According to what he called his “original plan,” he wanted to grab a local child, restrain them, make them watch an adult movie with him. He even considered that he might have to explain what was happening in the movie since the child might not understand, but he thought that he could teach them. After the movie, he planned to sexually assault, torture, murder, sleep next to the dead victim, and then finally eat them, leaving only bones to dispose of. In preparation, sometime in March, he purchased the hacksaw, the meat tenderizing powder, and the barbecue skewers. He found one of the heaviest items in his home, a solid wood cutting board, and brought it into the living room in case he needed to use it as a weapon. He also ripped off a length of duct tape and stuck one end to his entertainment system, letting the rest of it dangle so he could easily grab it.
He knew what he wanted to do; he had not settled on a target yet. He admitted he would stand outside and look at the neighborhood kids, considering them as possible victims. Now, he said that he did not identify as a pedophile, but he thought kidnapping a child would be easier because he could more easily overpower someone smaller. He said, “I kind of planned all along to probably get a kid, just mainly because they’d be easier to grab and easier to get rid of afterwards. Smaller and, you know, put up less of a fight.” This is a direct quote. He had his eye on a 5-year-old neighbor boy, at least one adult woman, and Jamie. On a few occasions, he almost went through with an abduction, but he said he became too excited. Afterwards, he said he felt sick and questioned what he was thinking. He told the agent, “I’d just be hit with disgust. I mean, like, my God, what am I thinking about? You can’t do that. It’s horrible.”
When asked about Jamie, Kevin told Agent Overby that he didn’t know her by name but had talked to her on several occasions. He said, “Well, I did kind of favor this girl a little. I had seen her and I was kind of like, well, I really like her. But then as I saw her more and more, I’d, you know, I’d think no, I can’t hurt her. You know, she’s nice and I know her too well.”
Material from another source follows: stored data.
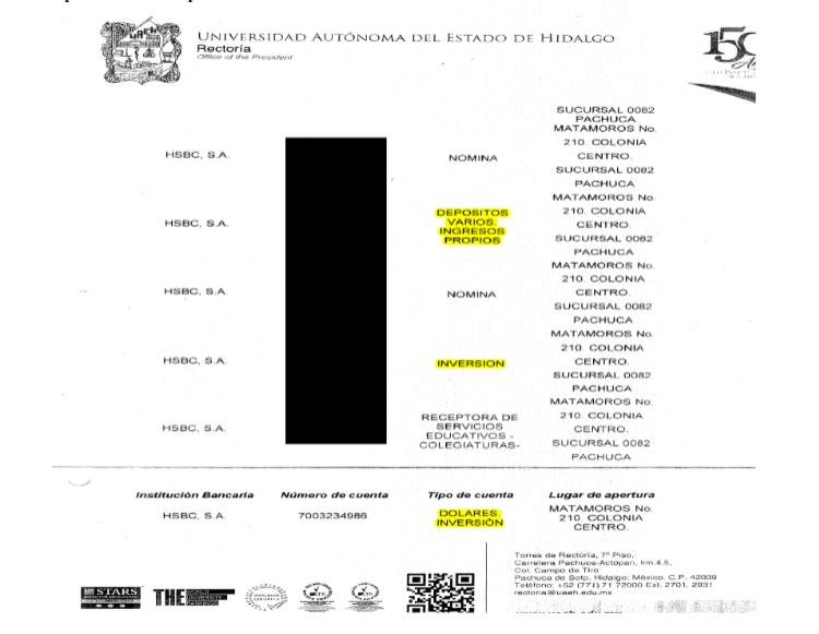 Actualmente permanecen bloqueadas seis cuentas bancarias que corresponden a 151 millones de dólares que están directamente relacionados con los negocios del presidente del patronato de la UAEH, Gerardo Sosa Castelán, en donde "se mezcló lo público (recursos) con lo privado". Por lo que "también es falso" que estos recursos pertenezcan al fondo de jubilados.
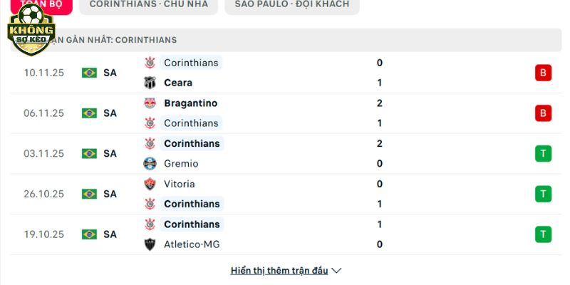 Phong độ Corinthians vs São Paulo
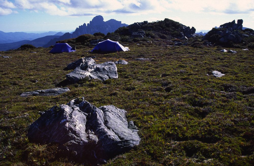 Above - camp at the top of the buttongrass on Lancasters Lead
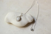 レース調の覆輪でハイアライトオパールの石を留めました。
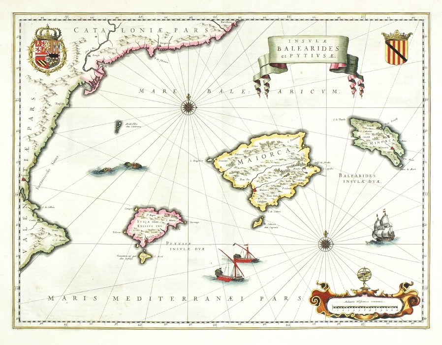 Balearischen Inseln (Balearen). "Insulae Balearides et Pytiusae". Orig. altkol. Kupferstich Karte, W. J. Blaeu, Amsterdam, 1634. Mit dekorativer Titelkart., ornament. Kart. mit Meilenzeiger, 2 Wappen, Windrose, Schiffe und Seeungeheuer. 38:50 cm auf dem Papier mit breiten Ränder im Format 50,5:59 cm.
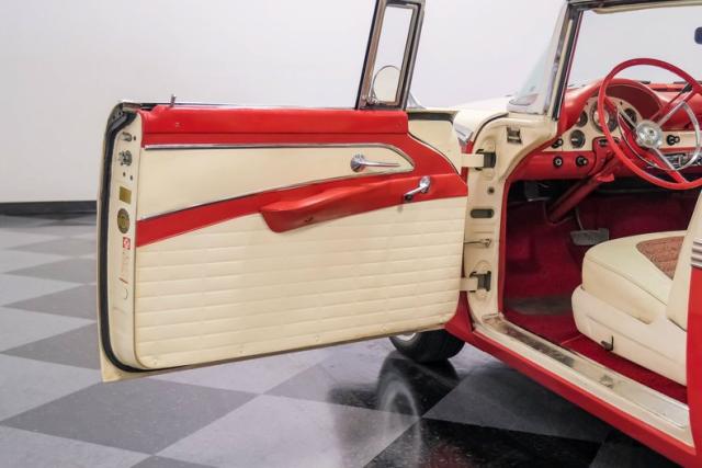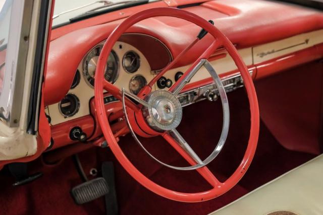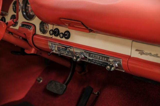 Powering this classic is a 200-horspower, 312 cubic-inch, Thunderbird V8 engine with 4-barrel carburetor and Ford-O-Matic transmission. The engine is said to have been rebuilt and runs beautifully. A fresh service and sorting with a vintage car specialist included removal and flushing of the fuel tank, carburetor rebuild, brake work, new rear pinion seal, ignition points, four new tires and more to ensure this Ford runs and drives great. A receipt for all the work performed come with the car.

Kevin told the agent he had spent most of the day of April 12th with his family. He had taken his laundry over to his parents’ house, and his mom washed his clothes while he ran some errands. He stayed until his sister got home from school to help her with some of her homework before heading back to the Purcell apartments. When he got home, he messaged his friend Melissa several times, with the last message sent at 2:54 p.m. At around 3:30 p.m., he noticed that Jamie’s bike was gone, and he was slightly disappointed. If he was going to abduct her, he wanted to grab her when she got home from school. So it looked like she never made it home, and he felt like he missed his chance to do so. Just a few minutes later, she returned on her bike and told him she’d forgotten her keys, and they talked briefly about the weather. She said it seemed to get hotter in Purcell than it did in Dibble, where she grew up. She went upstairs to her apartment, changed her shirt, and poured herself a cup of iced milk. She came back down to the breezeway for a few minutes, and they talked a little bit more.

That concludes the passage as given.